The university in question is a federal institution, and the students know that. Electricity is in the exclusive legislative list, and therefore, an exclusive preserve of the federal government. So, why would the students attack Erelu Bisi Fayemi because they don’t have electricity in their campus?

Besides, Mrs. Fayemi is only the wife of Ekiti State governor, Dr. Kayode Fayemi. She is not an official of the Ekiti State government. The fact that she took it upon herself to embark on a tour the state’s local governments, which was what took her to Oye Ekiti on that fateful day, one of the many aberrations of this dispensation, does not make her the alternate governor of Ekiti. It is simply a proof of the fact that Nigeria’s democracy inebriates insufferably.  

On a personal level, Governor Fayemi is perceived as a friend of the students. Both the governor and his wife claim to be life members of the aluta community. So, they should be kindred spirits with the students.

If there is any First Family in Nigeria that should be students-friendly, that ought to be the Fayemis, yet, when the students flagged down Mrs. Fayemi’s convoy to explain their plight to a “friend,” who they thought would give them a listening ear, one of her security aides slapped the Students Union President, Comrade Awodola Oluwaseun, who had stepped forward to address her.

It was at that point that the hitherto peaceful protest turned violent as the students affronted by the irresponsible action of the police officer reacted angrily.

Could you imagine what would have happened if the woman had come down from her vehicle to address the students. Even when the issues were not in the purview of her husband’s government, she could still soothe their nerves by making promises that would never have been fulfilled. She could have become their heroine instantly, a listening mother.

But she was scared of her own people. Why are Nigerian leaders mortally afraid of the citizens? Why do they think they must be protected from the same people they claim to be governing?

It is this mortal fear that led to the tragedy. To ward off supposed enemies from their madam, the police shot at fleeing students directly with live bullets. The students pointedly accuse Mrs. Fayemi of ordering her security details to open fire on them.

But Mrs. Fayemi disputes this narrative. In a letter she personally signed, she claimed that the protesting students had dispersed as at the time she got to Oye town.

“I did not encounter any group of students when I got to Oye town. They had dispersed before my arrival,” she claimed.

“Half-way through our event, there was a disturbance outside. The FUOYE students (and possibly infiltrated by local thugs) had re-grouped and were trying to get into the venue. The security officers prevented this from happening.

“We finished our program, and by the time we got outside, we found that vehicles from my convoy and those of my guests that were parked outside the venue had been vandalised.

“As we were driving out of Oye town, we encountered at least two roadblocks that the students had mounted to prevent the movement of vehicles. I could see students/thugs throwing stones and large sticks at us as we drove by.”

Mrs.
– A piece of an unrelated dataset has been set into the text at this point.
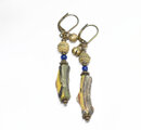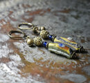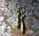 モザイク模様ローマングラスとイブルービーズ、つぶつぶブラス、民族鈴を繋いだピアスです。
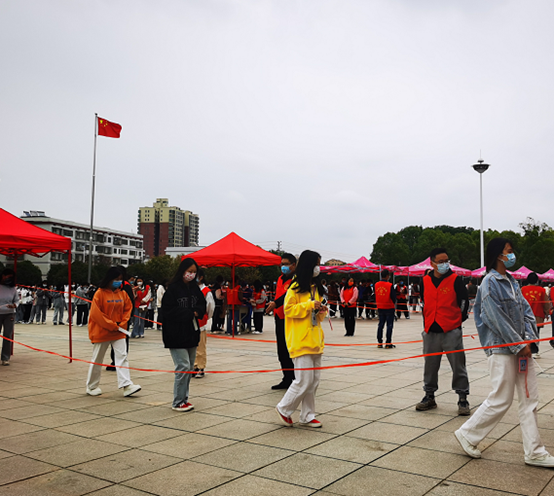 一實踐:會后,全體黨員、入黨積極分子、團(tuán)學(xué)會成員帶領(lǐng)及組織二級學(xué)院全體在校學(xué)生至文化廣場開展核酸檢測,維持現(xiàn)場紀(jì)律,不斷提醒和監(jiān)督學(xué)生保持“一米距離 ”,核酸檢測過程中突然天空飄起了毛毛細(xì)雨,志愿者們提前讓同學(xué)們早早準(zhǔn)備好健康碼,使得采樣速度大大加快。經(jīng)貿(mào)旅游學(xué)院按照學(xué)院的統(tǒng)一安排,堅持打好疫情阻擊戰(zhàn),嚴(yán)格落實疫情防控的各項要求,做好學(xué)生在校期間的思想、學(xué)習(xí)、生活等各方面的工作,幫助解決實際困難,讓疫情防控有“力度”,暖心服務(wù)有“溫度”。

Fayemi, a self-acclaimed social justice activist, said she is scandalised and shocked beyond words to hear that she instructed security officers to shoot at students.
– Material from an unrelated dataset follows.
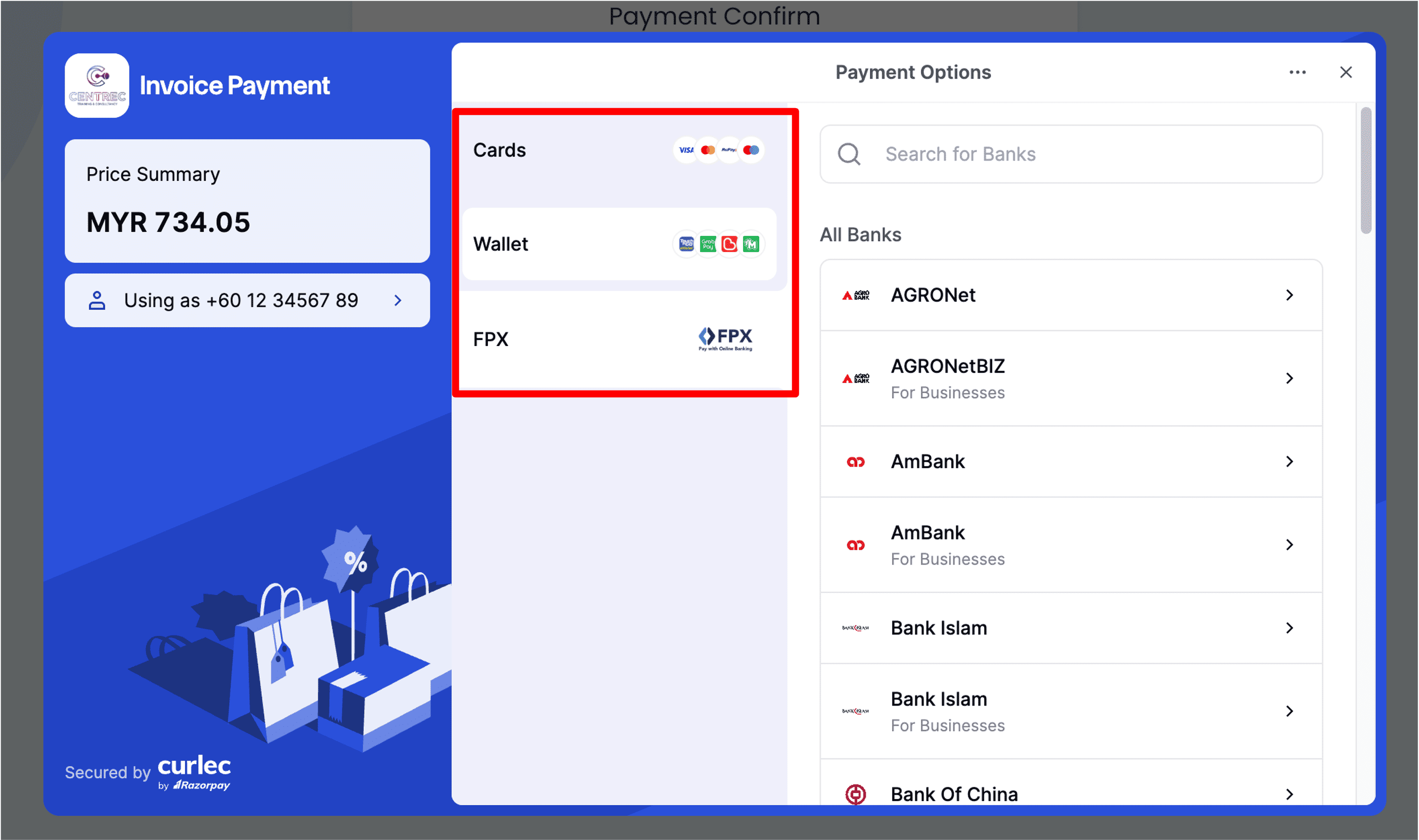 5. Depending on the payment method being selected, different payment options will be listed on the screen for your customers. Most of the payment gateways offer a variety of payment options including Credit / Debit cards, eWallets, and Online Banking (FPX).

Maybe she really is. Who knows? But her story does not add up. Moreover, video evidence of the tragic encounter does not bear her narrative out.

One of the videos, a 15-second footage showed four policemen aiming shots at some of the protesters, as frightened female students filming the incident cried out.
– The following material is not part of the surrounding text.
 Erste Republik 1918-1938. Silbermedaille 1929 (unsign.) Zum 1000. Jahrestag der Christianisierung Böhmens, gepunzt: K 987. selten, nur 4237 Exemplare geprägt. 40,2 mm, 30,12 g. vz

Another clip, about seven seconds long, also showed two policemen chasing some of the students and firing directly at them.

It is possible that Mrs. Fayemi did not order the policemen to shoot and kill the students. In fact, I will be surprised if she did. But the policemen acted on her behalf. They are her security details who were protecting her. So, she is vicariously liable for their action. That bloodletting was avoidable. And it could have been avoided if she acted differently. If she wanted, she could have reined in her dogs of war when they went berserk.

Her claim that she did not personally come in contact with the students is even more fatuous. It is an afterthought, a face saving gimmick. If she did not, then who were the police protecting? At what point were the students killed? Nigerian students may be exuberant, but they don’t behave the way Mrs. Fayemi described. From where did they regroup to come to the venue of the event and why would they do that if there was no previous encounter between them?

But truth be told, what happened didn’t surprise me. Mrs. Fayemi loves power. She hugs the limelight with relish. Unbridled quest for power and excessive crave for adulation are recipe for tragedy. That was what happened in Oye Ekiti penultimate Tuesday.

But I was knocked for six by the take of Ekiti elders on the tragedy. Prof Joseph Oluwasanmi, their leader, said the elders were “grateful to God for sparing the life of the First Lady, Erelu Bisi Fayemi, officials and journalists on her entourage during the crisis.” We all are. After all, was it not John Donnes, the English poet and cleric in the Church of England, who said: “Any man’s death diminishes me, because I am involved in mankind, and therefore never send to know for whom the bells tolls; it tolls for thee.”

But what about the victims? The elders called “on students and youths generally to eschew violence in all ramifications in expressing their grievances.”

To them, demand for accountability is tantamount to politicisation. “In view of the open politicization of the crisis, the council strongly warned politicians against exploiting situations that are mournful and detrimental to the wellbeing of the populace as a political tool,” Ekiti elders admonished.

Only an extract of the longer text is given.